The FCC has handed SpaceX a partial victory in the latest round of its scraps with competing satellite Internet providers by approving the operation of 2,814 Starlink satellites at a lower orbit than previously planned. Some competitors like OneWeb and Amazon’s planned “Project Kuiper” satellite constellation had objected on the grounds that the satellites could interfere with their operations.
SpaceX says that the lower orbits will make Starlink capable of faster Internet speeds and lower latency. This will likely make Starlink more attractive for Internet users who want fast “reaction times” in their Internet services. The gamer in the below video, for instance, tested a few online games with the Starlink “Better than Nothing Beta.”
OneWeb had previously reported that one of its Internet satellites nearly collided with a Starlink satellite during launch, which triggered a “Red Alert” from the U.S. Space Force. SpaceX disputes the report, saying that OneWeb misrepresented the facts and the two satellites did not pass as close as it claimed.
Elon Musk also has an ongoing feud with Amazon founder Jeff Bezos, who runs the aerospace company Blue Origin. Most recently, SpaceX beat out Blue Origin for a NASA contract to complete development of the lunar lander for the Artemis Program.
The FCC did set some conditions for the approval of lower orbits for Starlink’s satellites. SpaceX must provide a semiannual report of failed satellites and coordinate with other satellite operators to ensure that signals from Starlink satellites do not interfere with the signals of competing Internet satellite constellations. The company will also have to report any future close calls between Starlink and other satellites.
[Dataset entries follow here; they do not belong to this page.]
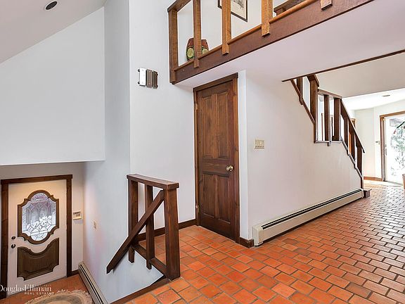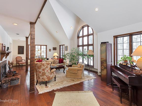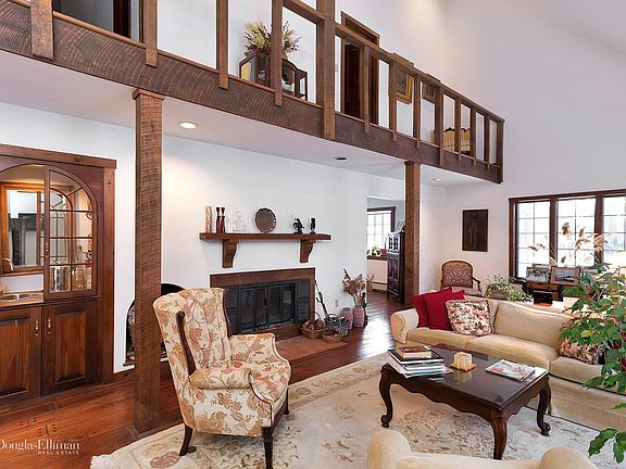 Beautifully sited on 4 plus acres on sought after Mt. Holly Road. Custom designed and built by original owner. Property enjoys running brook, stone walls and tranquil wooded setting perfect for bird watching. This arts and craft contemporary with dramatic cathedral ceilings, floor to ceiling windows and pegged oak hardwood flooring throughout is a wonderful escape. Private first floor master suite with fireplace and french doors to stone patio Master bath with walls of closets and separate spa tub and shower. Great room with soaring ceilings, Large windows wood burning fireplace and a unique wet bar. Eat in kitchen with ample oak cabinets with built ins leads to large dining room with french doors. Main level laundry and mudroom with direct access to over sized two car garage. Minute to charming Katonah village and train. Easy access to I684 and Metro North
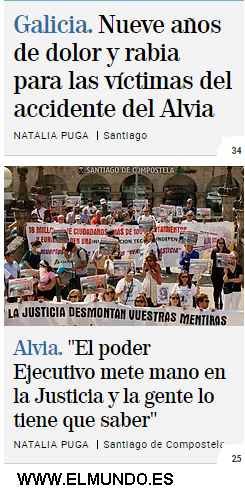 La justicia lenta , no es Justicia, nueve años las víctimas del accidente del Alvia esperando por un juicio que por fin se da fecha para octubre, esto es como el avión de los canarios que se estrelló en Barajas, tratar de pagar las mínimas indemnizaciones posibles, culpar al maquinista y algún cargo de Adif y/o Renfe liberando al Estado y a la Compañía de mayores gastos y responsabilidad alguna que para eso pagan los seguros. Si han tardado nueve años para dar fecha al juicio imaginaos lo que tiene dentro la demanda.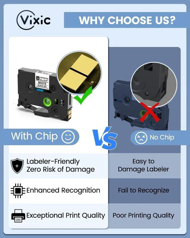 Label Maker Machine with Tape Waterproof: Package includes full-length (26.2 ft each) 12mm 0.47 inch black ink on white tapes for added value. Vixic BZ tapes use 7-layer lamination technology to withstand water, fading, abrasion, and temperature. BZ laminated tapes can be stored for up to 10 years. Great for home, classroom, small business, and office organization. Easily stick labels on kids' school items, file folders, kitchen containers, jars, storage bins, nail swatches, etc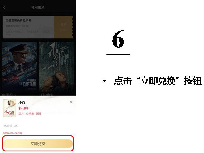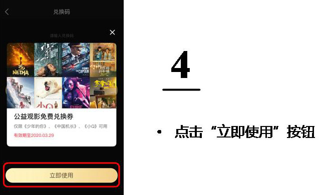 4、点击“兑换”后,看到如下“公益观影免费兑换券”,再点击“立即使用”。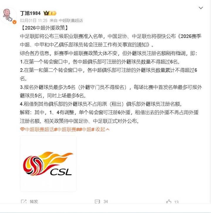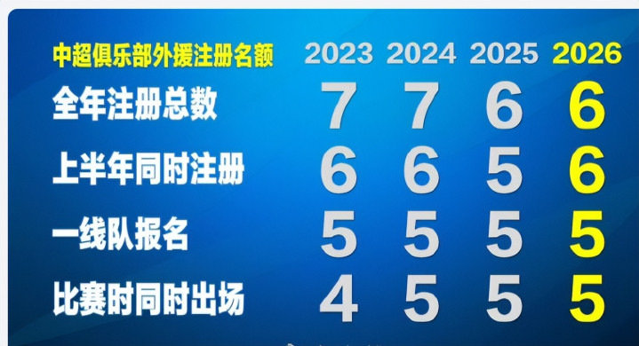 2026赛季中超联赛尚未开赛,外助政策的微调已激发球迷热议。中国足协说明,新赛季外助注册章程将从“6555”颐养为“6655”,即全年累计注册6名外助、单窗口最多注册6东说念主、单场报名5东说念主、同期登场5东说念主。这一颐养看似数字游戏,实则荫庇俱乐部政策布局的深层逻辑,致使可能重塑联赛竞争模样,确切如斯吗?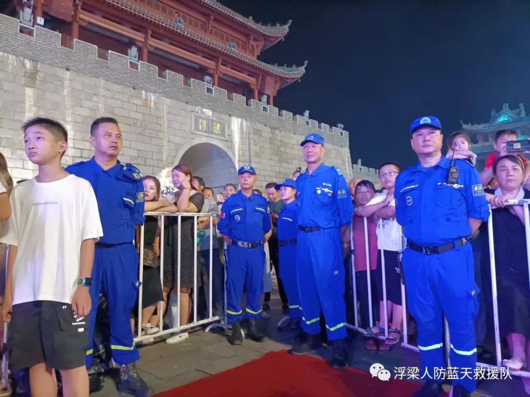 这次活动群众达5000多人为了保障浮梁人民的安全。浮梁人防蓝天救援队紧急联系乐平队、鄱阳队、景德镇队一起出队保障浮梁群众安全工作。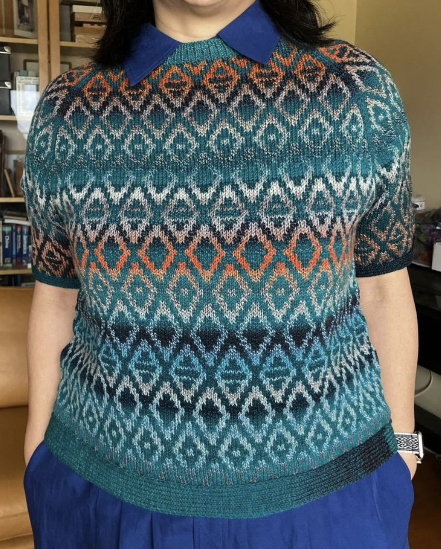 Cheryl just crossed another project off her wish list! She’s completed the Dyemonds Sweater by Josée Paquin using exquisite Spincycle yarn, adding her own twist with modified bottom and sleeve edging.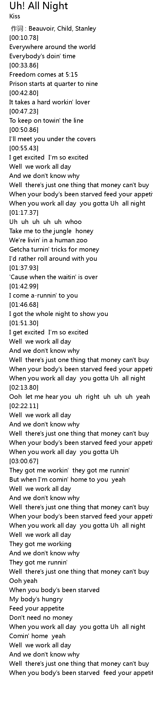| [02:08.61] | When you work all day you gotta Uh all night |

SpaceX will especially have to work around the operations of other satellite constellations that are yet to be launched, which Amazon called an important partial victory for Project Kuiper.
“These conditions address our primary concerns regarding space safety and interference, and we appreciate the Commission’s work to maintain a safe and competitive environment in low earth orbit,” an Amazon spokesperson said in a statement.
Some of the fight between satellite Internet companies did leak out onto Twitter, which may be a little predictable for anything involving any combination of Elon Musk, regulators, and competitors. Musk started it in January when he accused Bezos of attempting to “hamstring” Starlink:
Amazon responded with an official statement that accused Musk and SpaceX of attempting “to smother competition in the cradle if they can.”
Amazon’s sentiment echoed Elon Musk’s complaint that ViaSat simply disliked competition when the company filed a complaint against SpaceX saying that the tens of thousands of Starlink satellites that the latter plans to launch will significantly add to the “space junk” problem. Skywatchers already say that they often spot strings of Starlink satellites streaking their way across the night sky. Incidents like the alleged near-collision between Starlink and OneWeb satellites may become more common as the region in which most orbiting satellites operate becomes more crowded.
The FCC did cite a statement from the American Astronomical Society saying that the proposed lower orbits for Starlink satellites will help to reduce the amount of sunlight that the satellites reflect at night by placing them in Earth’s shadow more. The regulators also accepted SpaceX’s word that the lower orbits would make it easier to deorbit the satellites when they have reached the end of their useful lives.
SpaceX also has an agreement with NASA to share information on the orbits of assets owned by either party. The International Space Station is capable of maneuvering to avoid “space junk” and Starlink satellites have a collision avoidance system that can maneuver out of the way of defunct satellites. SpaceX says that it disabled the collision avoidance system on the satellite in question to give OneWeb’s satellite a chance to maneuver out of the way in the recent incident.